Wednesday, November 10, 2010

Contribution #9: Bear Stearns’ Brutal Fallout

The story that leads into Chapter 13 is a prime example of investment in your own company’s stock gone bad. Since the fall of Enron, and the collapse on Wall Street, many employees have seen their entire life savings plummet. Even a well diversified portfolio can come crashing down when the stock market takes a nose dive, but imagine if your portfolio included upwards of 50 percent or more of your own company’s stock and suddenly your employee benefits are wiped away because of an unhealthy merger or a hostile takeover with your company. The goal of HR Managers is to inform employees about the certain benefits that come with their job and the potential risk involved with limiting themselves, in terms of stock, to their own company.

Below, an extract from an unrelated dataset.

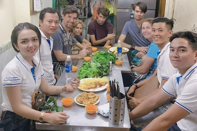 Am späten Nachmittag zurück in Saigon machten wir uns bereit für eine Street-Food-Tour per Roller. Als Sozius durch den Berufsverkehr zu fahren ist wild – der Verkehr fließt wie Wasser um dich herum, Hupen ertönen, aber niemand ist wütend. Unser erster Halt: knusprige Bánh Xèo-Pfannkuchen, die in einer Gasse auf einer Grillplatte brutzelten, wo Plastikstühle am Bordstein standen. Wir lernten, sie mit Kräutern einzuwickeln und in Fischsauce zu dippen – chaotisch, aber köstlich. Später führte uns unser Guide in einen alten Wohnblock („chung cư“) zu einem versteckten Café ohne Schild; der Tropfkaffee hier ist so stark, dass er dich die ganze Nacht wachhalten könnte.

Employee benefits are supposed to live up to their name, but if the employee is unaware of the potential risks involved with receiving and not receiving some benefits, it can be detrimental to themselves and their families. Many employees of private companies don’t have to fear the risk involved with company stock, so they are more concerned with social security, family-friendly plans, and retirement packages. Usually, those are set in stone with the terms of the contract and provide a worry free benefit to their employees. In the long run, it’s important for employees to understand their benefits packages and use them to the fullest extent, which must be communicated by the HR Managers.